Clinic for Diagnostic and Interventional Radiology (DIR), Heidelberg University Hospital, Heidelberg, Germany.
Diagnostic and Interventional Radiology with Nuclear Medicine, Thoraxklinik, University of Heidelberg, Heidelberg, Germany.
Eur J Radiol. 2024 Sep;178:111606. doi: 10.1016/j.ejrad.2024.111606. Epub 2024 Jul 6.
To evaluate a novel calcium-only imaging technique (VCa) with subtracted bone marrow in osteoporosis in dual-layer CT (DLCT) compared to conventional CT images (CI) and dual-energy X-ray absorptiometry (DXA).

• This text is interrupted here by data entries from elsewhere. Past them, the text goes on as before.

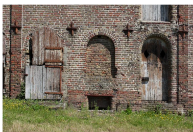
Détail des ouvertures sur cour de la laiterie. IVR22_20138016132NUC2A
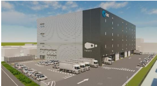
24 ロジスクエア厚木Ⅰ 2023年3月竣工予定
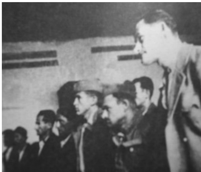
Ойшужени слушају йресуду
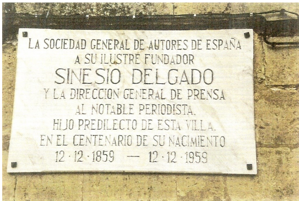
Placa localizada en la casa donde nació, en Palencia
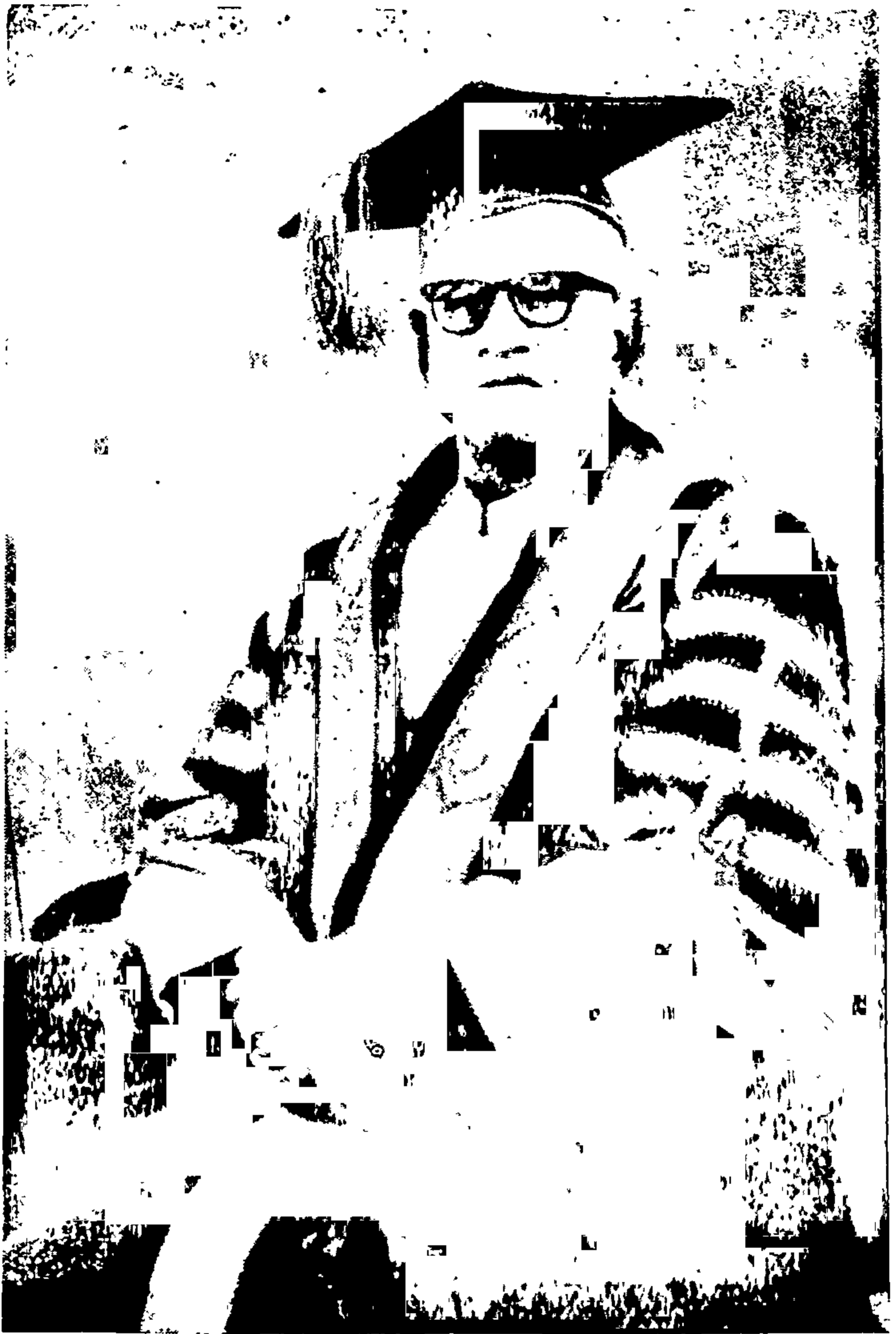
पुणे विद्यापीठाचे कुलगुरू डॉ. न वि गाडगीळ
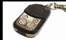
Controlo remoto sem fios incluído.

Para mais informação, visite http://www.opel.pt
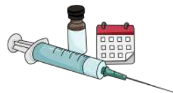
Injectables de 1 mes y de 3 meses

Images of a multi-energy CT phantom with calcium inserts, quantitative CT calibration phantom, and of 55 patients (mean age: 64.6 ± 11.5 years) were acquired on a DLCT to evaluate bone mineral density (BMD). CI, calcium-suppressed images, and VCa were calculated. For investigating the association of VCa and CI with DXA a subsample of 30 patients (<90 days between DXA and CT) was used. Multiple regression analysis was performed to identify further factors improving the prediction of DXA BMD.
The calcium concentrations of the CT phantom inserts were significantly associated with CT numbers from VCa (R = 0.94) and from CI (R = 0.89-0.92). VCa showed significantly higher CT numbers than CI in the phantom (p ≤ 0.001) and clinical setting (p < 0.001). CT numbers from VCa were significantly associated with CI (R = 0.95, p < 0.001) and with DXA (R = 0.31, p = 0.007), whereas no significant association between DXA and CI was found. Prediction of DXA BMD based on CT numbers derived from VCa yielded R = 0.76 in multiple regression analysis. ROC for the differentiation of normal from pathologic BMD in VCa yielded an AUC of 0.7, and a cut-off value of 126HU (sensitivity: 0.90; specificity: 0.47).
VCa images showed better agreement with DXA and known calcium concentrations than CI, and could be used to estimate BMD. A VCa cut-off of 126HU could be used to identify abnormal bone mineral density.
在双层 CT(DLCT)中,与常规 CT 图像(CI)和双能 X 射线吸收法(DXA)相比,评估一种新型仅含钙的成像技术(VCa)与骨髓抑制在骨质疏松症中的应用。
使用 DLCT 对多能量 CT 体模、定量 CT 校准体模和 55 例患者(平均年龄:64.6±11.5 岁)的图像进行采集,以评估骨矿物质密度(BMD)。计算 CI、钙抑制图像和 VCa。为了研究 VCa 和 CI 与 DXA 的相关性,使用了 30 例患者的子样本(DXA 和 CT 之间的时间间隔<90 天)。采用多元回归分析来确定改善 DXA BMD 预测的其他因素。
CT 体模插入物的钙浓度与 VCa(R=0.94)和 CI(R=0.89-0.92)的 CT 数显著相关。VCa 在体模(p≤0.001)和临床环境(p<0.001)中比 CI 显示出更高的 CT 数。VCa 的 CT 数与 CI(R=0.95,p<0.001)和 DXA(R=0.31,p=0.007)显著相关,而 DXA 与 CI 之间无显著相关性。基于 VCa 得出的 CT 数预测 DXA BMD 的多元回归分析中 R=0.76。在 VCa 中,正常和病理性 BMD 之间的区分的 ROC 曲线产生了 0.7 的 AUC,126HU 的截断值(敏感性:0.90;特异性:0.47)。
VCa 图像与 DXA 和已知的钙浓度的一致性优于 CI,可用于估计 BMD。VCa 的 126HU 截断值可用于识别异常的骨矿物质密度。